Hatches of mayflies, stoneflies, and other insects often set the stage for feeding spectacles. The sight of trout rising to the surface to sip newly hatched mayflies is a treat that never grows old. The wise fisherman takes advantage of these special morning and evening hatches to learn the locations of prime feeding and holding areas - and sometimes even the location of the kinds of big fish that light up the imagination.
If you are lucky to find a veteran fly fisherman who is willing to share his time and experience, have him tell you about the stages of insects and the categories of artificial flies in his fly box that imitate each. A good bass fishermen can deliver the same type of education relating the lures in his tackle trays to prime forage species.
Birdlife is abundant around most lakes and streams. Take in the beauty and diversity of these flying/swimming/wading creatures, but take time, too, to note their activity.
As noted earlier, circling gulls usually indicate the presence of baitfish and larger fish forcing them to the surface. But many fishermen regard the presence of loons as a more reliable indicator of nearby fish.
Redwing blackbirds love "edge" areas. You can see them often around emergent shoreline vegetation. One prominent bass pro recently credited a major tournament win to recognizing the presence of these distinctive and highly territorial birds.
Think of herons and egrets as fellow fishermen. They wade carefully in shallow areas fish are likely to inhabit. Eagles and osprey can capture fairly large fish in their talons sweeping down on an unsuspecting fish swimming near the surface. Pelicans, along with other species, plunge head-first to capture fish that may be several feet below the surface. To witness such activity is always a treat - as well as proof of fish presence!
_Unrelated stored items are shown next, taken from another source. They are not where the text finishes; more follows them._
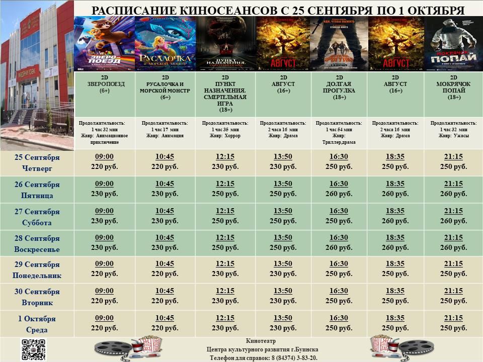 Расписание кинотеатра Центра культурного развития с 25 сентября по 1 октября.
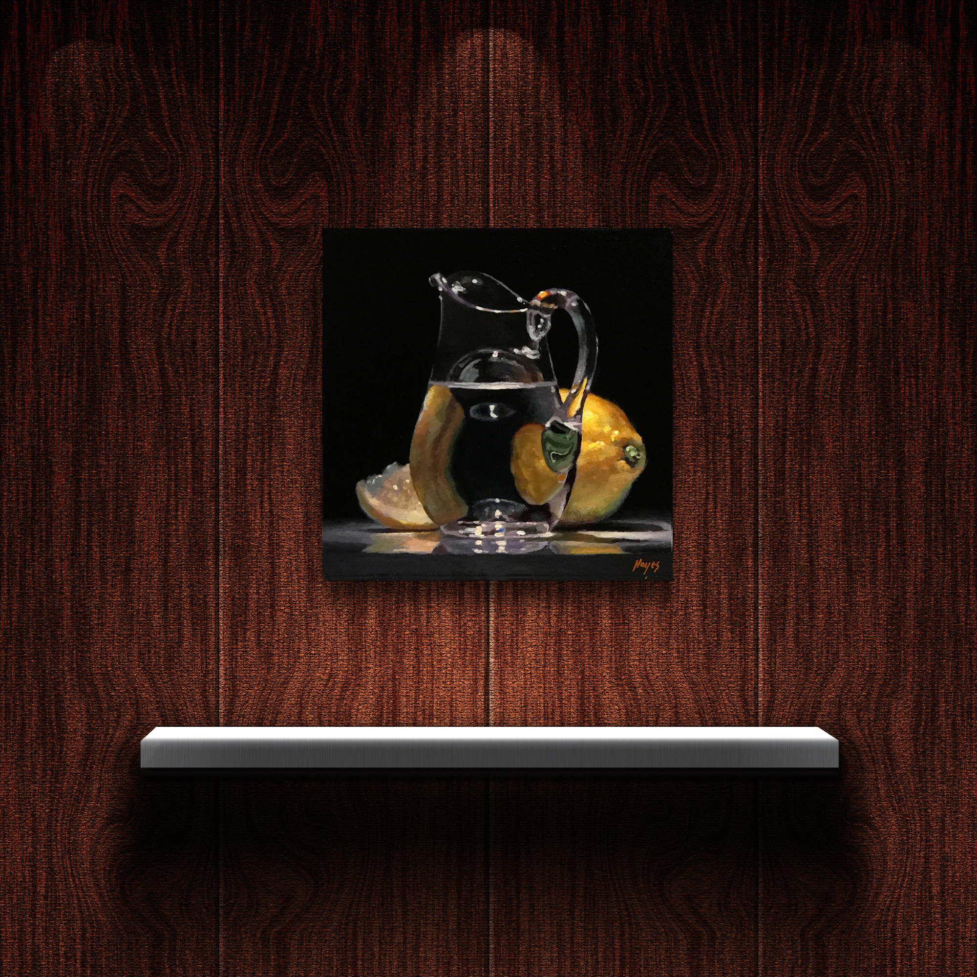 “Lemons and Glass Creamer” captures a moment of deep silence as a dramatic beam of light shines down on a glass creamer, which bends and reflects the lemons behind it.
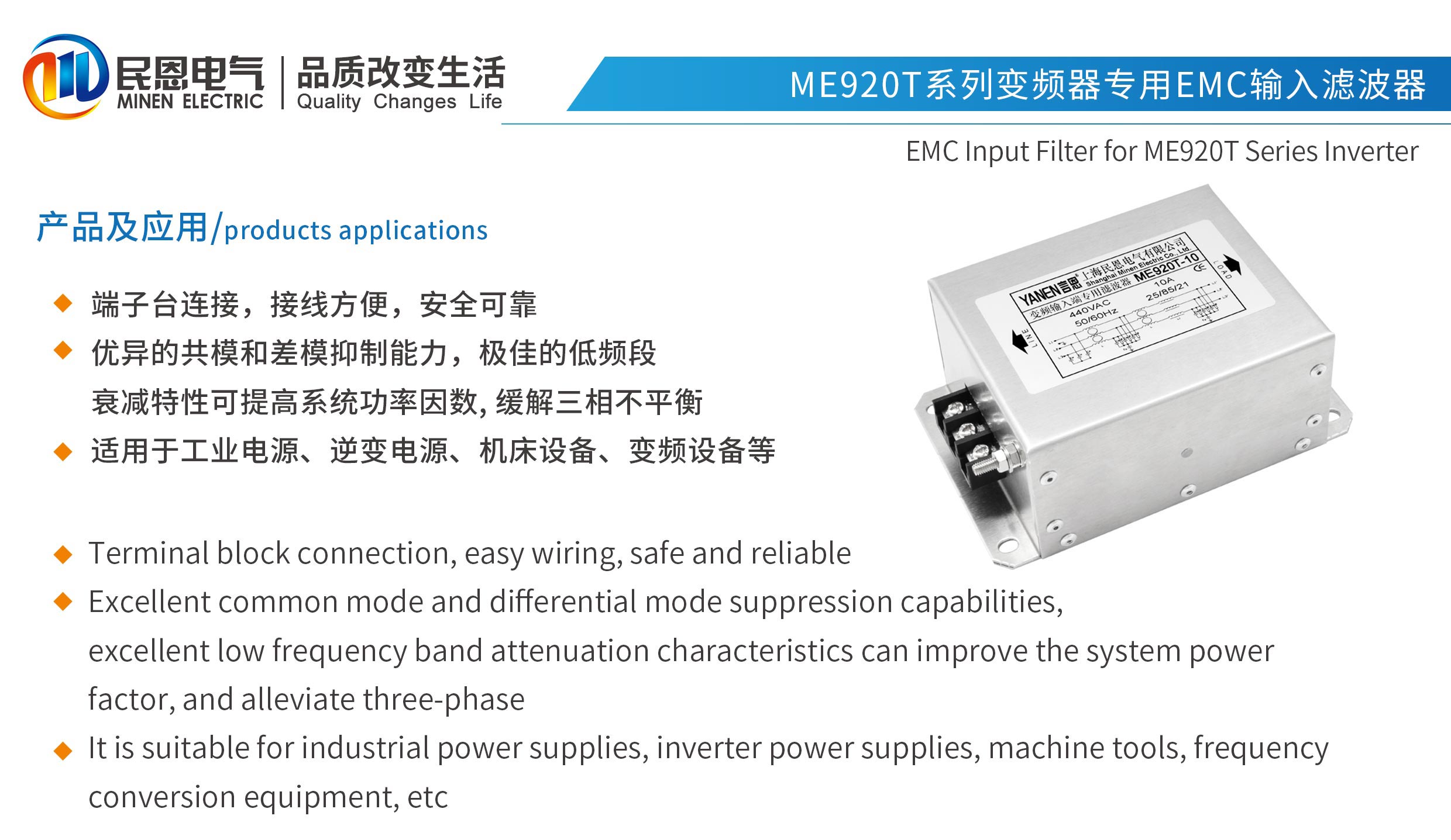 ME920T系列變頻器專用輸入EMC濾波器

Good fishermen are always alert to weather conditions and impending weather changes. Invariably, they relate changes like cold fronts and heavy rains to how they affect fish activity. They view an approaching weather system as a signal that a change in fish location and behavior is at hand and alter their tactics accordingly.
Bluebird skies following a cold front make us all feel like enjoying the outdoors, but often such conditions make for tough fishing. Periods of stable weather with a hazy build-up of cloud cover generally provide better conditions for fish and fishing success. Don't shy from overcast days or even a gentle rain. Some of the best catches come under such conditions.
Nature on the move
A general increase in animal activity on land and around the water's edge often corresponds to an increase in fish activity as well. Look for signs of frog and turtle movement, of baitfish dimpling the surface, and, of course, those heart-stopping swirls of predator activity around your boat or dock.
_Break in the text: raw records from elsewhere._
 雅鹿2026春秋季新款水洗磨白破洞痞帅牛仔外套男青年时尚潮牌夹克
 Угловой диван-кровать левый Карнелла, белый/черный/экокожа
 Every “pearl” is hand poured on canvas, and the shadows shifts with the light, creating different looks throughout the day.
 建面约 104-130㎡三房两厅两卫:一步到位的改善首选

Of course, successful fishing and nature watching require that you blend into the natural environment. Move quietly and with stealth as you walk the bank, wade a stream or fish from a boat. You will see more - and catch more, too!
As useful as some of these clues can be to your fishing success, sharing these observations with friends and newcomers to fishing adds a dimension to fishing that hearkens back to the educations our primitive ancestors handed down to their offspring and members of their clan - the kind of knowledge upon which individual and group survival once relied!
Learn to enjoy and profit from every on-the-water experience. Convert your understanding into more productive time on the water. Immerse yourself n the world around you and recognize that you are an equally wondrous element in that world -- and steward to it!